IDC recently published its annual report on software industry market share, which ranks software companies by revenue. According to IDC, despite Oracle's string of large acquisitions, including its pending acquisition of Sun, it will remain in third place behind Microsoft in first and IBM in second.
I received some interesting data points from the IBM PR team:
- IBM's software revenue in 2008 totaled $22 billion.
- Software represents a whopping 40 percent of IBM's overall profit, and 20 percent of its revenue.
- In 2008, more than 90 percent of IBM's segment profit was from software, services, and financing.
- IBM has acquired 81 software companies since 2003 and more than 100 software companies in the past decade (including Cognos, Filenet, Telelogic, Micromuse, and MRO Software).
- The R&D focus at IBM has shifted more toward software and services.
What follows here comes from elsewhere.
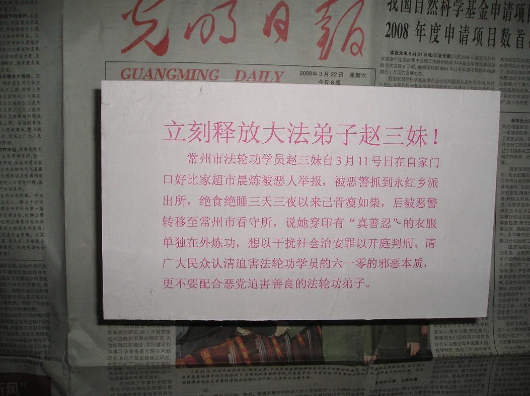 当地法轮功学员针对此一绑架事件,展开营救活动,曝光迫害真相。上图为法轮功学员在常州市公园、报刊栏、派出所附近张贴揭露迫害事件的真相传单。

More than 70 percent of the U.S. patents IBM received in 2008 (IBM's 16th straight year of patent leadership), were for software and services.
- IBM has been driving a shift to higher-profit segments (versus the low-margin commodity parts, which is why it got out of the PC, hard drive and DRAM businesses.)
- IBM is also getting greater margins from creating offerings that exploit the blurring of software and services, such as cloud computing and SOA.
A more difficult but possibly more interesting metric would be to understand the levels of adoption--that is, servers, users, etc., versus revenue--to get a better picture of the market. Of course, revenue and profit are all that really matters, but I'd like to know if IBM makes more money than Oracle on a potentially smaller installed base.
The big mystery is who else can Oracle buy in order to overtake IBM? It seems like industry consolidation has taken out most of the obvious candidates. Maybe this is where we'll start seeing Oracle acquire SaaS providers in order to gain fast-growing market share?